Na ocasião, os policiais apreenderam também aparelhos eletrônicos de Miranda, como notebook, celular, pendrive e videogame, que até agora não foram devolvidos. Miranda disse que os agentes o detiveram lançando mão da lei antiterrorismo local. Segundo ele, mais de 90% das pessoas detidas no Reino Unido com base nessa lei são liberadas em média depois de uma hora e que essa lei permite detenções para interrogatório por no máximo nove horas.

O brasileiro acrescentou que policiais britânicos invadiram, três semanas antes de sua detenção, escritório do jornal The Guardian e obrigaram que jornalistas e editores destruíssem computadores que supostamente continham informações sobre o sistema de espionagem.

Outros requerimentos

A CPI também aprovou requerimentos para que o colegiado colha os depoimentos do presidente do Conselho Diretor da Agência Nacional de Telecomunicações (Anatel), João Batista de Rezende, do diretor geral da Polícia Federal, Leandro Daiello, e do ex-deputado federal Marcelo Itagiba, que presidiu a CPI das Escutas Telefônicas Clandestinas entre 2007 e 2009. O objetivo dos membros da CPI da Espionagem é averiguar a capacidade de o Brasil proteger o sistema de telecomunicações nacional de espionagens externas e saber do andamento das investigações oficiais sobre a espionagem norte-americana.

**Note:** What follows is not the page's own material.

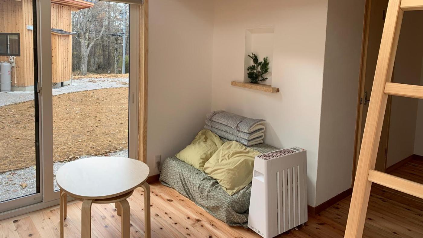 Cottage. This bungalows standout feature is the private open-air bath.(The semi-open-air bath cannot be used during the winter season from December to April 15th.) This bungalow includes 1 bedroom, kitchenette, a terrace and 1 bathroom with a bath. The kitchenette is fitted with a stovetop, a refrigerator and kitchenware. The bungalow has a circulator in summer and an oil heater in winter. There is no air conditioning. There are two beds. ;

Os senadores aprovaram ainda requerimento para que sejam encaminhados ofícios ao advogado de Edward Snowden e para o governo da Rússia, onde ele está asilado, na tentativa de agendar uma videoconferência.

O senador Ricardo Ferraço (PMDB-ES) disse que haver pressa em ouvir Snowden e outros convidados porque pretende entregar seu relatório até o fim do ano. A CPI da Espionagem ouviu hoje o jornalista Glenn Greenwald e seu companheiro, o brasileiro David Miranda. Greenwald publicou reportagens com base nos documentos vazados por Snowden e Miranda foi detido em sua última passagem pela Inglaterra para prestar esclarecimentos sobre o assunto.

*Com informações da Agência Senado e EBC.